● **What to work on**:
Since the listing below shows pictures, leave them out and write out exactly the lines from the line with "声かけ音声に応答するためのユ" to the line with "可以看到检测到了KSuspe", both included, and no others.

● **Given records**:
********************

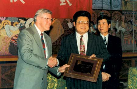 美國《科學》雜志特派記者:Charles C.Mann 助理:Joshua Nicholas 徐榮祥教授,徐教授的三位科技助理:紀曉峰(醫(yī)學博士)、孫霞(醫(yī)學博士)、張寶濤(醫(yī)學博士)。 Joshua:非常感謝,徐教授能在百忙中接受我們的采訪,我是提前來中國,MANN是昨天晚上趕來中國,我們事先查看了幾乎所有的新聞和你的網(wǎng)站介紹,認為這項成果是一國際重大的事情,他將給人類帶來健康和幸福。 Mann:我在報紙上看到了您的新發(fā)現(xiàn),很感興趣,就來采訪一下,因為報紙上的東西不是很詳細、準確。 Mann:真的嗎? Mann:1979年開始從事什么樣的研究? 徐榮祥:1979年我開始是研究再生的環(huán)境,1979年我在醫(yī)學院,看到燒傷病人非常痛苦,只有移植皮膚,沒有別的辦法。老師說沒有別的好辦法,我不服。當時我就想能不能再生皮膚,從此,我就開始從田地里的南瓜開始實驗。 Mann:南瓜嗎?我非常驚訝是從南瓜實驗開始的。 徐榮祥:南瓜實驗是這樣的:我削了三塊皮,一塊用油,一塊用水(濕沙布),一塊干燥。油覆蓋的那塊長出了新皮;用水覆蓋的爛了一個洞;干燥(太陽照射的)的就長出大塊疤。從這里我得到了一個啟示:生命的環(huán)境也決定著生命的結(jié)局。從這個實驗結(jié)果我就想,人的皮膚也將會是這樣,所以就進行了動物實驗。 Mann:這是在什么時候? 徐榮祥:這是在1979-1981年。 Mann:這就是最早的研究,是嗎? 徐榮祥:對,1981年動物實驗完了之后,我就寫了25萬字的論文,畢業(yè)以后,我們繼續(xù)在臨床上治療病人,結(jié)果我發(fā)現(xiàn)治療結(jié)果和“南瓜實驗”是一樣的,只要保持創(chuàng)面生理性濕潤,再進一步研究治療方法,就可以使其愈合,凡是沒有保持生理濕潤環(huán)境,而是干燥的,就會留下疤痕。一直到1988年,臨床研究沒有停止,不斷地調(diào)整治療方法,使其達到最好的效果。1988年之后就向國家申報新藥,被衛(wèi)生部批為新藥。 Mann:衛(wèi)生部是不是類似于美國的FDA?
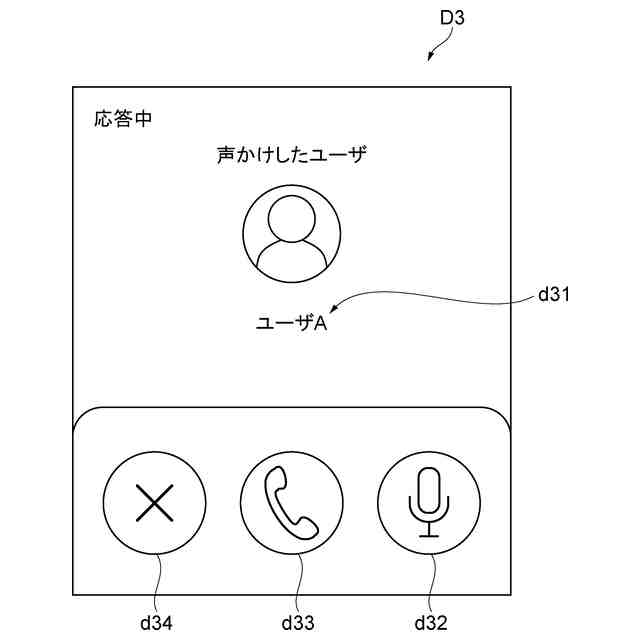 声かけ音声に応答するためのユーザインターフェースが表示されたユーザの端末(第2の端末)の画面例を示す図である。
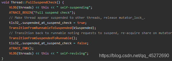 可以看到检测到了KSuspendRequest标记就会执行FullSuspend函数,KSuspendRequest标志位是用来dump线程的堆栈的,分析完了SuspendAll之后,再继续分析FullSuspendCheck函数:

********************

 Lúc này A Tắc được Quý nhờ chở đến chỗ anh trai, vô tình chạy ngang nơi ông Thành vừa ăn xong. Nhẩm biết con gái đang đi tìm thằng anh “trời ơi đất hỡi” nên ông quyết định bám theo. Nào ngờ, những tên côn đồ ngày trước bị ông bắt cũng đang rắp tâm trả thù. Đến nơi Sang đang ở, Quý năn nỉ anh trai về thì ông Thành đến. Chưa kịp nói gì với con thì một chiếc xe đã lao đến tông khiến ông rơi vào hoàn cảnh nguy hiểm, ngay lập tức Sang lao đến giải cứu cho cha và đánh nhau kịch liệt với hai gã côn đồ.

********************

● **Output**:
 声かけ音声に応答するためのユーザインターフェースが表示されたユーザの端末(第2の端末)の画面例を示す図である。
 可以看到检测到了KSuspendRequest标记就会执行FullSuspend函数,KSuspendRequest标志位是用来dump线程的堆栈的,分析完了SuspendAll之后,再继续分析FullSuspendCheck函数:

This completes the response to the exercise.